# First Seminar



## DancingCavy (Feb 19, 2001)

This weekend was Risa's first seminar (I went to an agility one in December so it was my second). I was so excited to be able to spend an entire weekend working with Ris but also a bit nervous. She's still a bit worried in new places, afraid of people, and reactive around other dogs (due to fear). Overall, she did wonderfully!!!

She was definately stressed and worried and spent a lot of time wandering, sniffing, and looking at everything going on around her. However, once I got her attention and she realized it was time to work, she did very well. She excelled at the attention game (we work on this all the time) and the presenter (Andrea Dugan) used Ris as a demo for it.

Aside from her growling at other dogs near her kennel, she was very well-behaved while she was in it. She didn't even roll it over! On Saturday I left to go to the bathroom and accidentally left the zipper partway open. She didn't leave her kennel. Sunday I did it again and she bolted and came looking for me. I think it was because someone sat in my chair and Ris got worried. Not a big deal. As soon as I came to her she followed me back to her kennel and went back inside.

It was so nice to be able to work around so many dogs (about 16 in total) and people in a new place. Considering how worried Ris still is in situations like this, she did amazingly well. She gave other dogs 'the eye' a few times but that was about as far as it went. She did growl and snarl at a dog while she was on my lap which meant she had to go back in her kennel. Otherwise, she did really well. I'm so proud of her. She's come so far in the short time we've been together even though she's still pretty nervous and scared a lot of the time. I'm so proud of my girly.





































We also made the paper.


----------



## Amaruq (Aug 29, 2001)

WTG Risa!!! Sounds like you two had a great weekend!

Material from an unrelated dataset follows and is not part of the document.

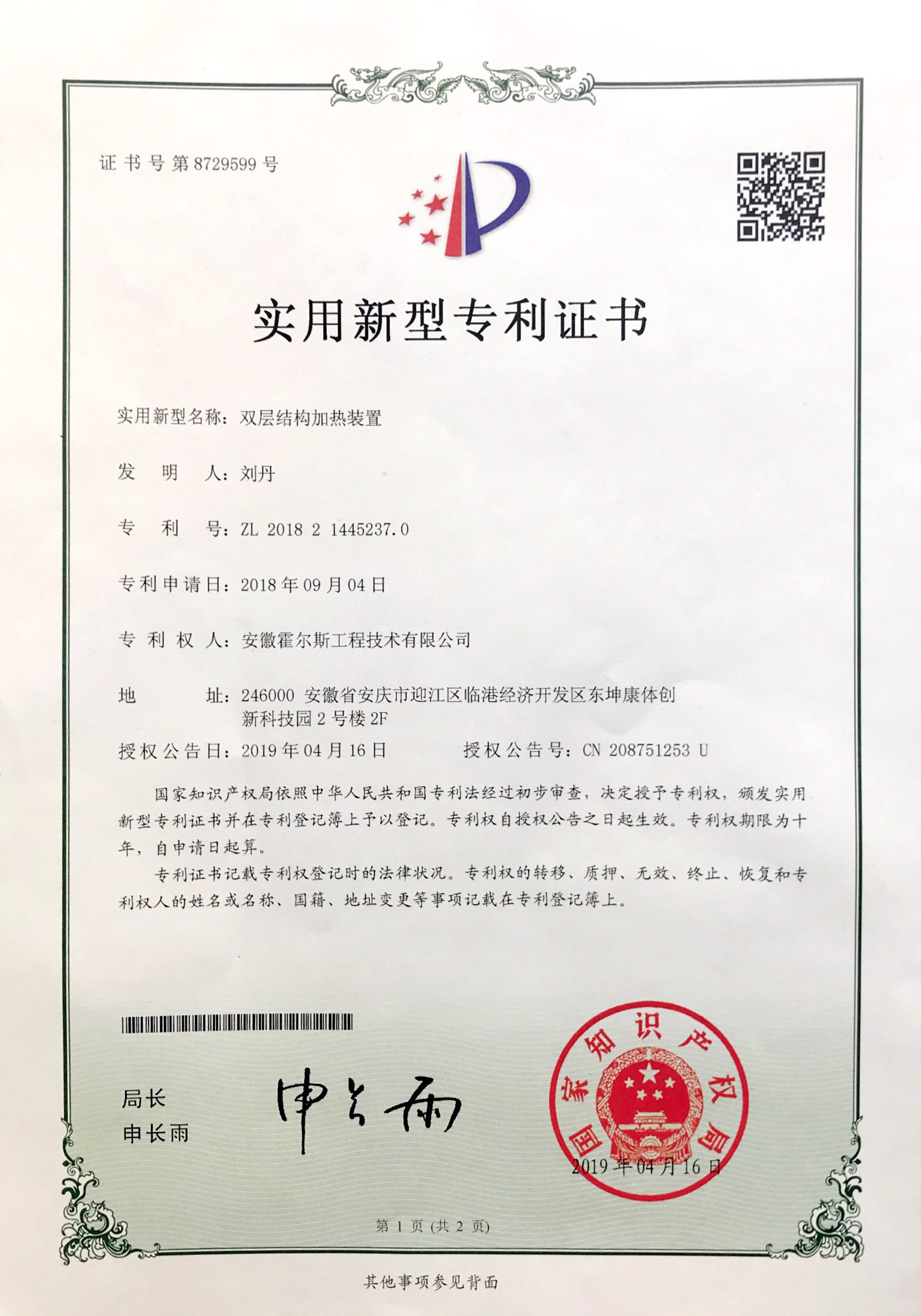 霍爾斯中試型噴霧干燥機雙層結(jié)構(gòu)加熱裝置榮獲國家專利證書
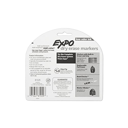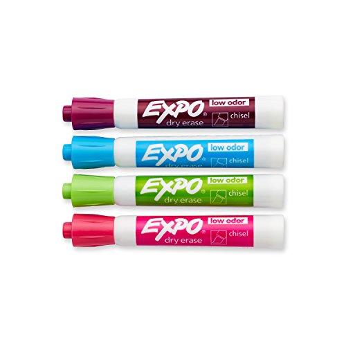 Product Description Premium dry-erase marker utilizes a special low-odor ink formula making it ideal for classrooms offices and homes. Consistent skip-free marking bold color options and great erasability make EXPO one of the most popular brands on the market. Quick-drying ink minimizes the potential for smearing. For optimal results use on nonporous surfaces such as porcelain or melamine whiteboards and glass. Marker Type: Dry Erase Assortment: Aqua Lime Pink Plum Color(s): Assorted Tip Type: Chisel. Unit of Measure : Set 0

BTW Jamie when she escaped was she trailing or airscenting you?


----------



## tibvixie101 (Nov 26, 2007)

Good Girl Risa! She's making great progress!!


----------



## DancingCavy (Feb 19, 2001)

LOL, Ruq. Y'know, I'm not sure which she was doing. I heard a commotion in the main room about a dog being loose and I was on the opposite side of a 'bar' (in the kitchen) getting my sandwich together when I saw her walking down the hallway towards the exit. My brain instantly thought "That's my dog!" and I came out of the kitchen got her and sent her back to her kennel. Her nose wasn't on the floor so, if she was scenting at all, I don't think she was trailing.

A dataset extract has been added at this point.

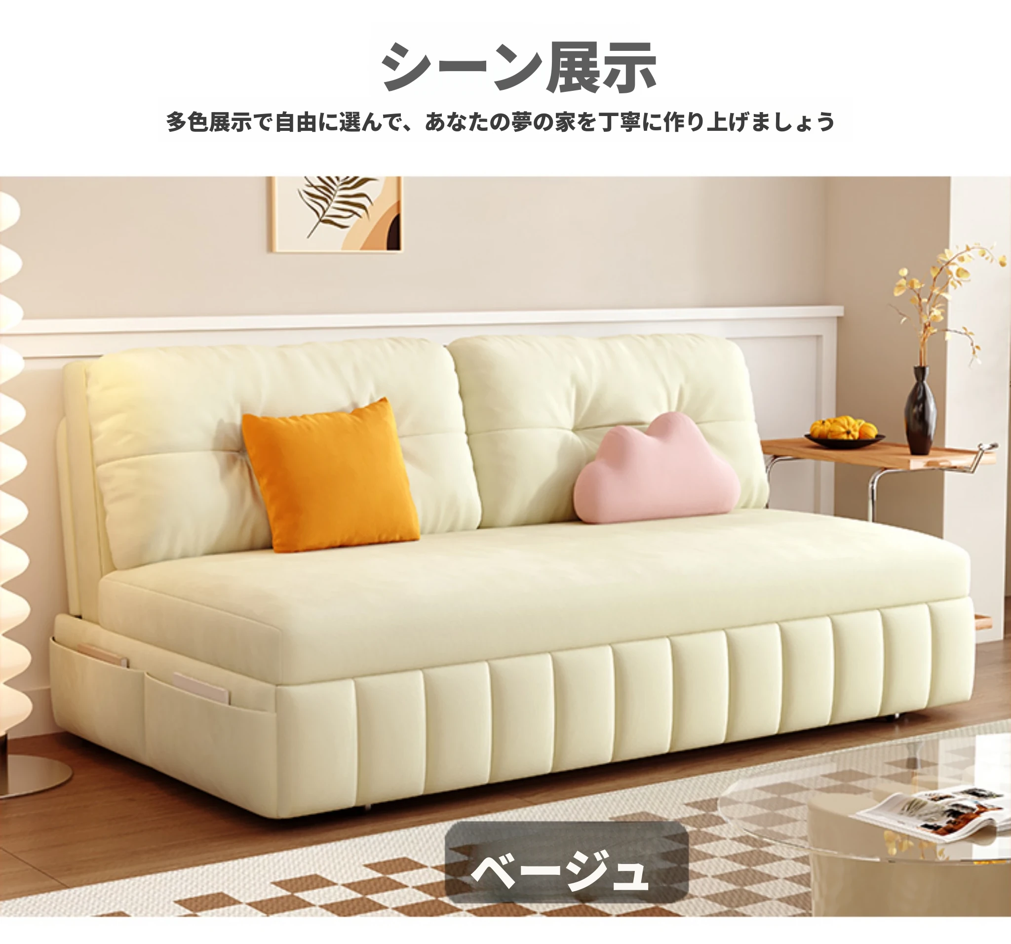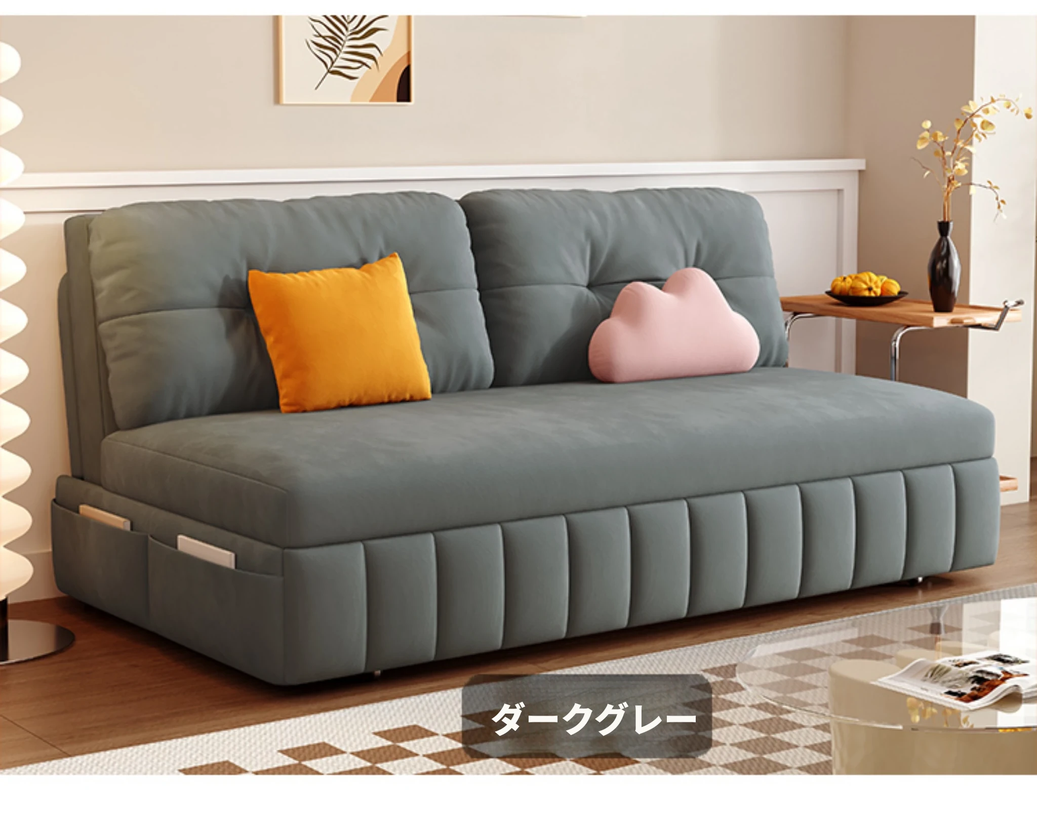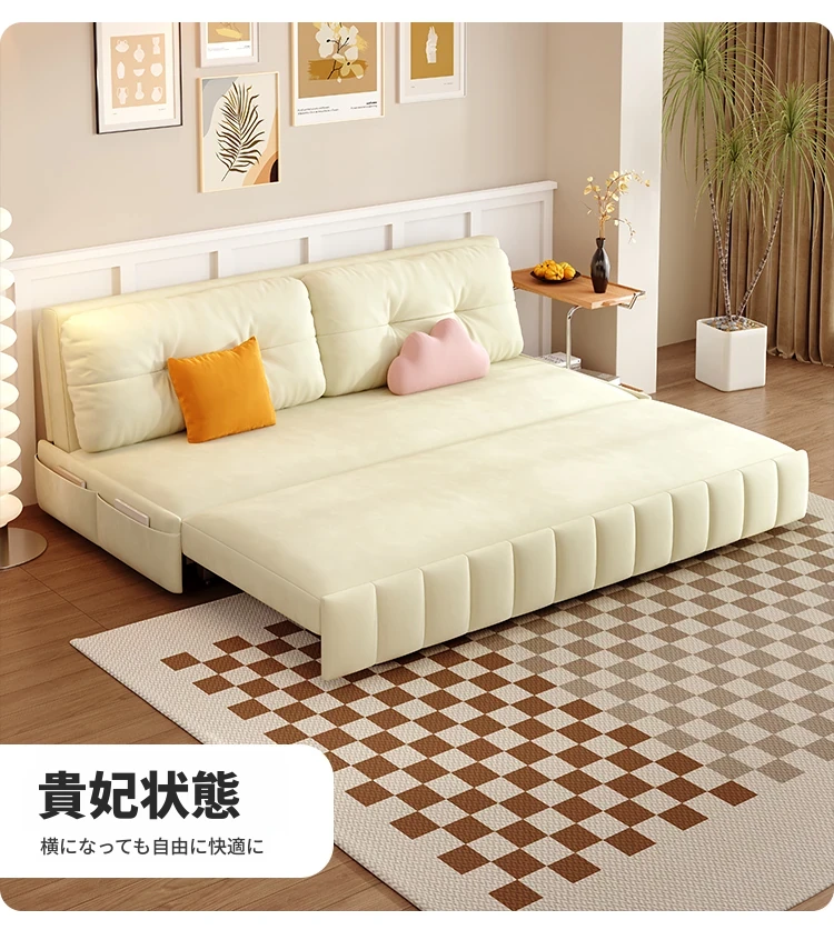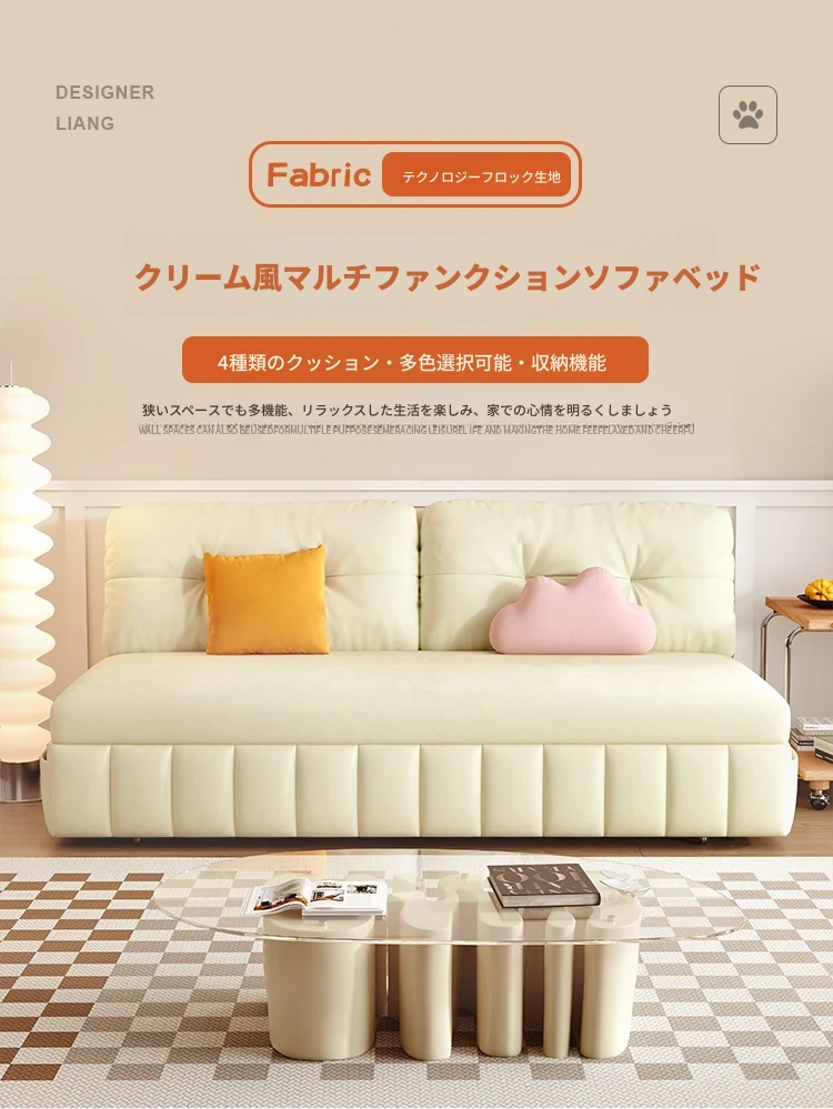 【香港送料無料】クリーミーな風合いのテクスチャーファブリック多機能ソファベッド!小さなリビングや寝室にぴったりのスタイリッシュなデザインで、快適さと実用性を兼ね備えています。あなたの家に最適なアイテムです!

It didn't take her long to realize the routine of the seminar either. Work a bit then back to the kennel. Once she practically dragged me in with her as I hadn't unhooked her leash as she went in.

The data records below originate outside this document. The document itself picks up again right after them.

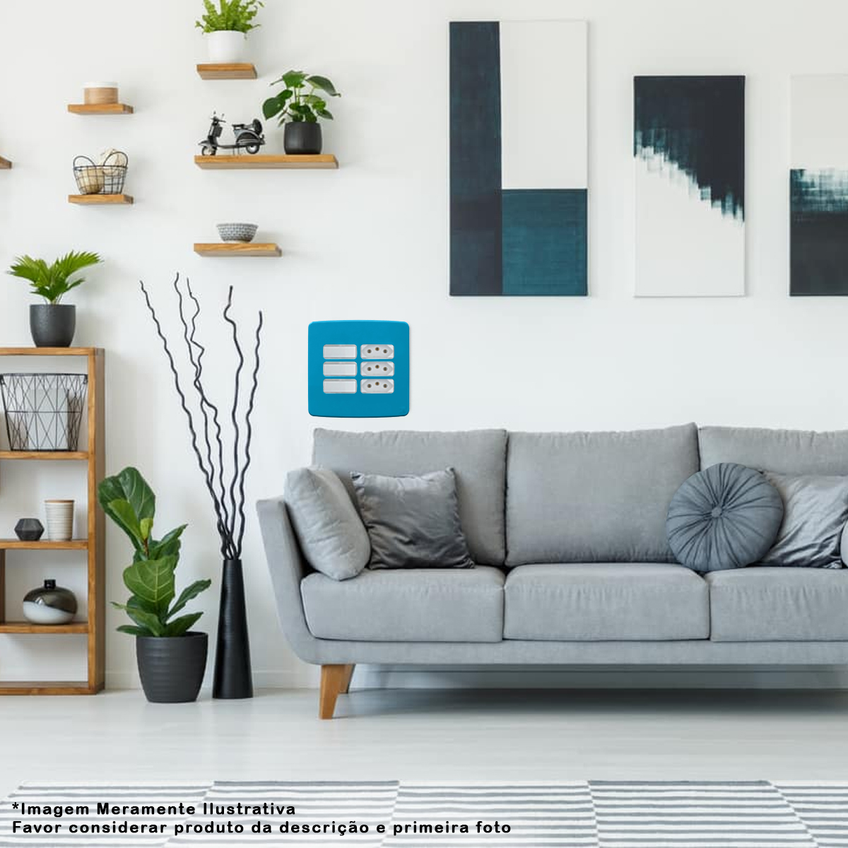 Placa Acabamento 4x4 6 Módulos 3+3 Postos Separados Azul Composé 13208258 Weg
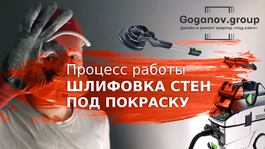 Процесс шлифовки стен перед покраской.
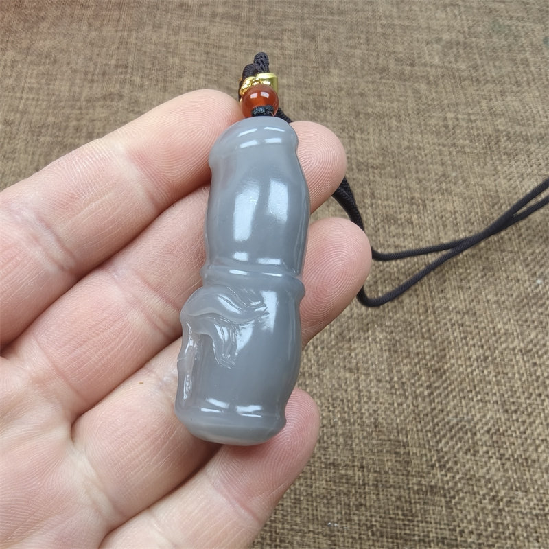 📚 新疆和田玉山料青白玉手工雕刻鲤鱼竹节挂件支持珠宝玉石机构鉴定

As the seminar went on, I started asking her to go kennel from farther away and she did just that without stopping and sniffing.


----------



## Keeyah (Apr 24, 2007)

Well done Risa! She made the paper? Can I have an autograph!


----------



## kelso (Jan 22, 2007)

Risa and Jamie!


----------



## DancingCavy (Feb 19, 2001)

Thanks guys!!!

Ris says you can have her 'paw'tograph:


----------



## sklippstein (Apr 10, 2008)

good job to the both of you!


----------